Records drawn from a dataset
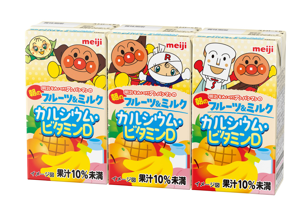 カルシウムとビタミンDを配合し、子どもが大好きなフルーツにミルク感を高めた健康的なあじわいに仕立てた朝の栄養プラス飲料なので、子どもが楽しくおいしく飲めることに加え、すこやかな成長をサポートすることができる「明治それいけ!アンパンマンの朝のフルーツ&ミルク カルシウム・ビタミンD」。
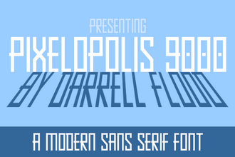 Шрифт Pixelopolis 9000. Гарнитура содержит 2 файла и поддерживает 12 языков. Разработка Pixelopolis 9000 велась Darrell Flood.
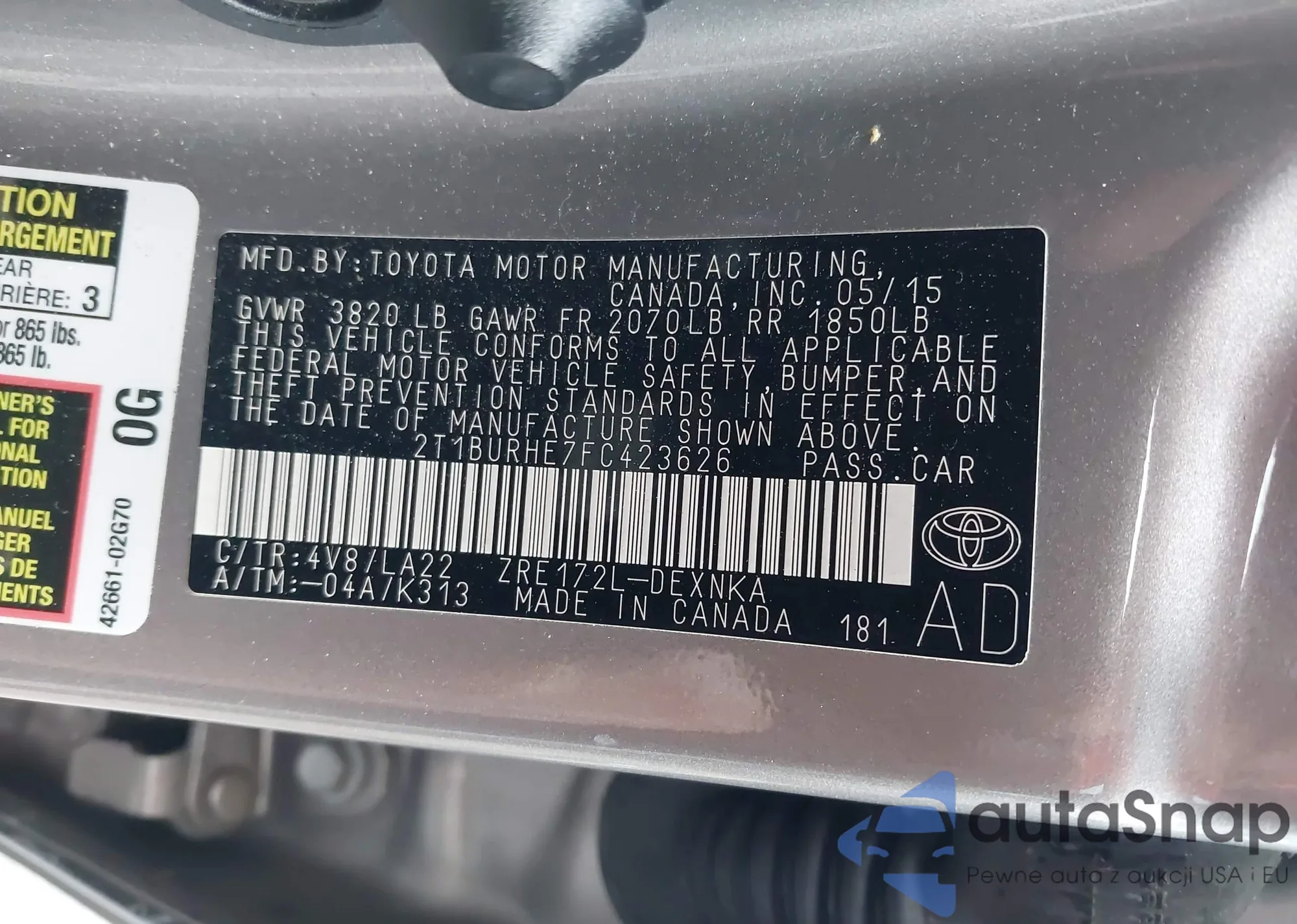 LOT: 43716931 VIN: 2T1BURHE7FC423626
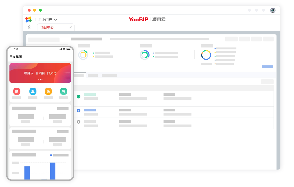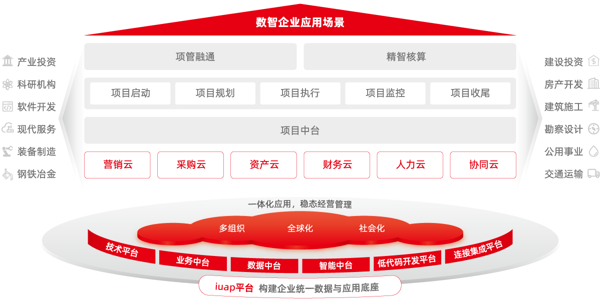 用友项目云面向项目型组织,通过标准的项目管理业务中台能力和开放性连接能力,实现多业态、多场景的项目管理与企业 管理场景相融合,支撑项目型组织基于业财融合、产业互联、数据驱动的全生命周期管理与全要素、全成本的精细项目核算, 提升企业的综合项目管理能力和经营能力。
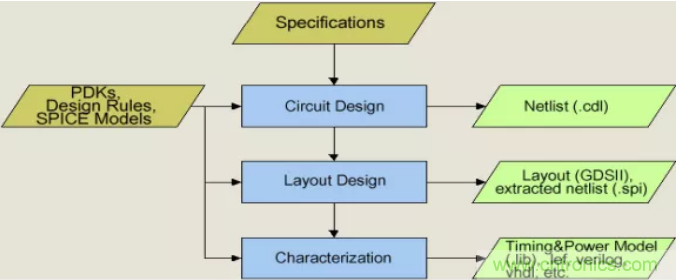 工程實踐中,從定義系統芯片參數(specifications)完成后,人們常常將最常見的數字集成電路中標準邏輯單元的版圖設計過程簡化為電路設計(circuit design)、版圖設計(layout design)和特征化(characterization)等三個步驟,見圖1簡化的版圖設計流程圖。在實踐中,版圖設計類型又分為: 1)標準版圖設計,2)半定制版圖設計,和3)全定制版圖設計。
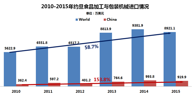 雖然約旦食品行業(yè)規(guī)模不大(國(guó)家人口僅759萬(wàn)人),但其食品加工業(yè)已初具規(guī)模,2015年相關(guān)食品機(jī)械的進(jìn)口額達(dá)到8921.1萬(wàn)美元。
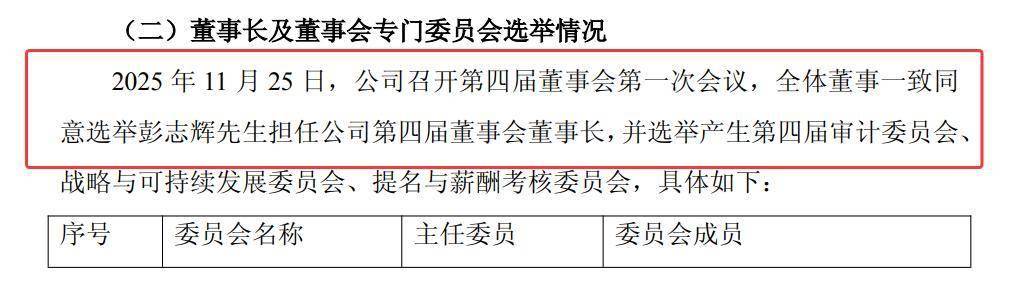 | 委员会名称 | 主任委员 | 委员会成员 | | --- | --- | --- | | 序号 | | | 瑞财经 赵盼盼 11月25日,上纬新材发布关于完成董事会换届选举及聘任高级管理人员的公告。 根据公告,上纬新材召开第四届董事会第一次会议,全体董事一致同意选举彭志辉担任公司第四届董事会董事长,任期至第四届董事会任期届满 之日止。 彭志辉网名为"稚晖君",曾被称为"华为天才少年",也是B站的顶流科技UP主。目前,他在B站拥有283.7万粉丝。 上纬新材提供的资料显示,彭志辉于1992年出生,硕士研究生学历,电子科技大学通信与信息系统专业,历任 OPPO 上海研究院算法工程师;华 为技术有限公司主任工程师;智元创新(上海)科技有限公司联合创始人、总裁、CTO。 ...
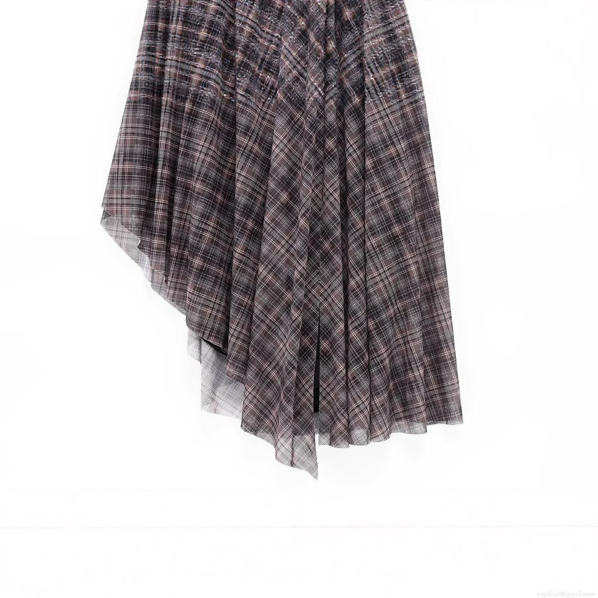 Gingham, Checkered Pattern, Pleats, Lace, Backless, Irregular Cut
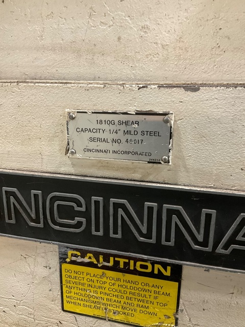 Description The CINCINNATI 1810G Power Squaring Shears is a used industrial-grade hydraulic shear designed for high-precision sheet metal cutting. Built by one of the most respected names in metal fabrication, this machine offers robust capacity and reliable performance for high-throughput operations. The 1810G model is engineered to handle a variety of metal thicknesses with clean, accurate cuts, making it an excellent choice for fabrication shops, service centers, and OEM environments requiring consistent sheet processing. Spec Sheet CINCINNATI 1810G SPECIFICATIONS: Dimensions... CONESTOGA Weight....... 999
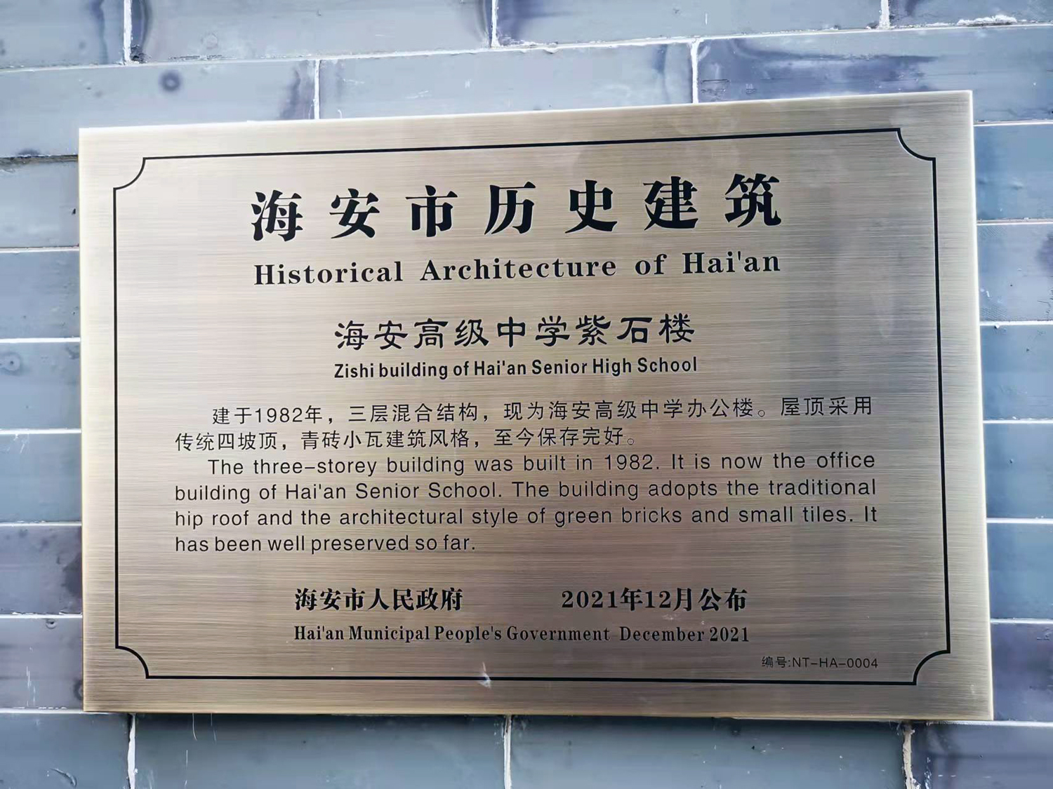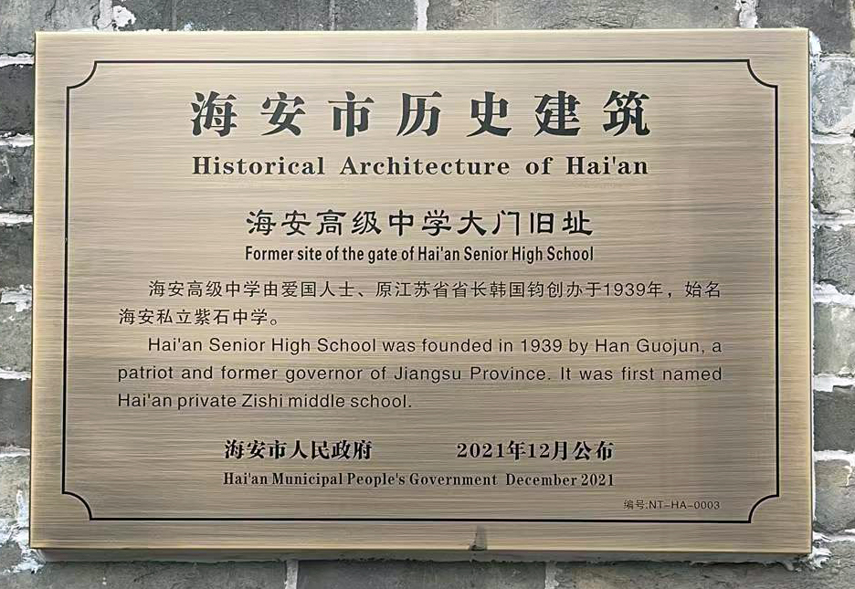 为加强海安市历史建筑保护管理和利用,塑造城市特色风貌,更好地延续历史文脉、展现城市风采。海安市人民政府组织相关部门权威认定,正式公布了首批海安市历史建筑保护名录,我校“古井”“水塔”“学校大门旧址”“紫石楼”被列入海安市第一批历史建筑保护名录。
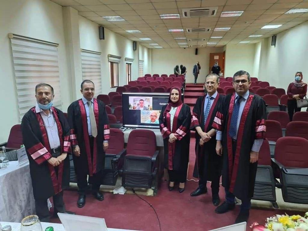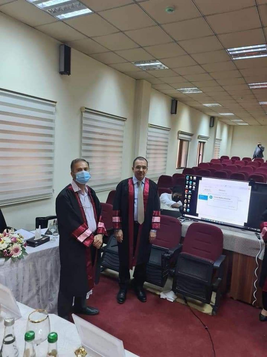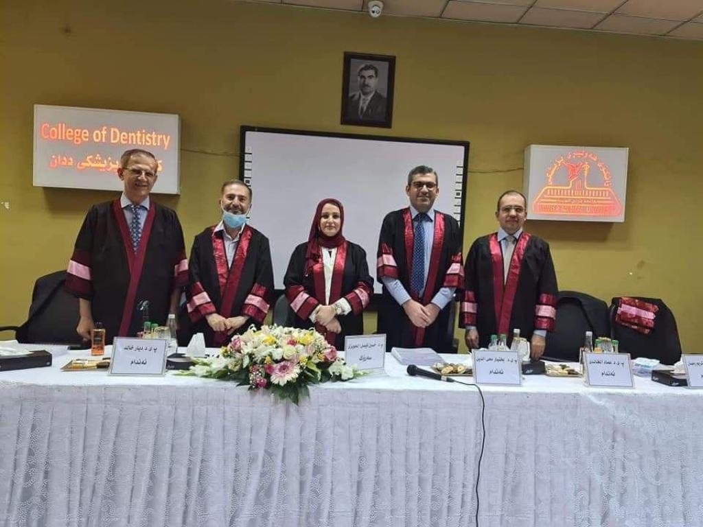 Assistant Professor Dr. Imad Farhan Ali Al-Khaldi, Dept. of Conservative Dentistry participated, on Thursday, 3 September 2020, in the discussion of the doctoral thesis of student Sakkar Muhammad, at the Faculty of Dentistry, Hawler University of Medical Sciences. The thesis was accepted after extensive discussion and modifications.
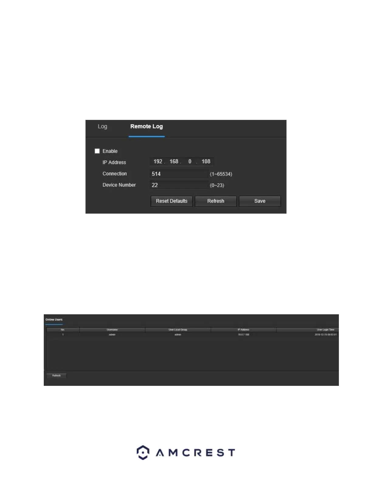 The Remote Log menu allows users to retain log information from other remotely connected devices. Below is a

- What the exercise asks
Print the records above verbatim, minus any pictures.

- Result for this task
 カルシウムとビタミンDを配合し、子どもが大好きなフルーツにミルク感を高めた健康的なあじわいに仕立てた朝の栄養プラス飲料なので、子どもが楽しくおいしく飲めることに加え、すこやかな成長をサポートすることができる「明治それいけ!アンパンマンの朝のフルーツ&ミルク カルシウム・ビタミンD」。
 Шрифт Pixelopolis 9000. Гарнитура содержит 2 файла и поддерживает 12 языков. Разработка Pixelopolis 9000 велась Darrell Flood.
 LOT: 43716931 VIN: 2T1BURHE7FC423626
 用友项目云面向项目型组织,通过标准的项目管理业务中台能力和开放性连接能力,实现多业态、多场景的项目管理与企业 管理场景相融合,支撑项目型组织基于业财融合、产业互联、数据驱动的全生命周期管理与全要素、全成本的精细项目核算, 提升企业的综合项目管理能力和经营能力。
 工程實踐中,從定義系統芯片參數(specifications)完成后,人們常常將最常見的數字集成電路中標準邏輯單元的版圖設計過程簡化為電路設計(circuit design)、版圖設計(layout design)和特征化(characterization)等三個步驟,見圖1簡化的版圖設計流程圖。在實踐中,版圖設計類型又分為: 1)標準版圖設計,2)半定制版圖設計,和3)全定制版圖設計。
 雖然約旦食品行業(yè)規(guī)模不大(國(guó)家人口僅759萬(wàn)人),但其食品加工業(yè)已初具規(guī)模,2015年相關(guān)食品機(jī)械的進(jìn)口額達(dá)到8921.1萬(wàn)美元。
 | 委员会名称 | 主任委员 | 委员会成员 | | --- | --- | --- | | 序号 | | | 瑞财经 赵盼盼 11月25日,上纬新材发布关于完成董事会换届选举及聘任高级管理人员的公告。 根据公告,上纬新材召开第四届董事会第一次会议,全体董事一致同意选举彭志辉担任公司第四届董事会董事长,任期至第四届董事会任期届满 之日止。 彭志辉网名为"稚晖君",曾被称为"华为天才少年",也是B站的顶流科技UP主。目前,他在B站拥有283.7万粉丝。 上纬新材提供的资料显示,彭志辉于1992年出生,硕士研究生学历,电子科技大学通信与信息系统专业,历任 OPPO 上海研究院算法工程师;华 为技术有限公司主任工程师;智元创新(上海)科技有限公司联合创始人、总裁、CTO。 ...
 Gingham, Checkered Pattern, Pleats, Lace, Backless, Irregular Cut
 Description The CINCINNATI 1810G Power Squaring Shears is a used industrial-grade hydraulic shear designed for high-precision sheet metal cutting. Built by one of the most respected names in metal fabrication, this machine offers robust capacity and reliable performance for high-throughput operations. The 1810G model is engineered to handle a variety of metal thicknesses with clean, accurate cuts, making it an excellent choice for fabrication shops, service centers, and OEM environments requiring consistent sheet processing. Spec Sheet CINCINNATI 1810G SPECIFICATIONS: Dimensions... CONESTOGA Weight....... 999
 为加强海安市历史建筑保护管理和利用,塑造城市特色风貌,更好地延续历史文脉、展现城市风采。海安市人民政府组织相关部门权威认定,正式公布了首批海安市历史建筑保护名录,我校“古井”“水塔”“学校大门旧址”“紫石楼”被列入海安市第一批历史建筑保护名录。
 Assistant Professor Dr. Imad Farhan Ali Al-Khaldi, Dept. of Conservative Dentistry participated, on Thursday, 3 September 2020, in the discussion of the doctoral thesis of student Sakkar Muhammad, at the Faculty of Dentistry, Hawler University of Medical Sciences. The thesis was accepted after extensive discussion and modifications.
 The Remote Log menu allows users to retain log information from other remotely connected devices. Below is a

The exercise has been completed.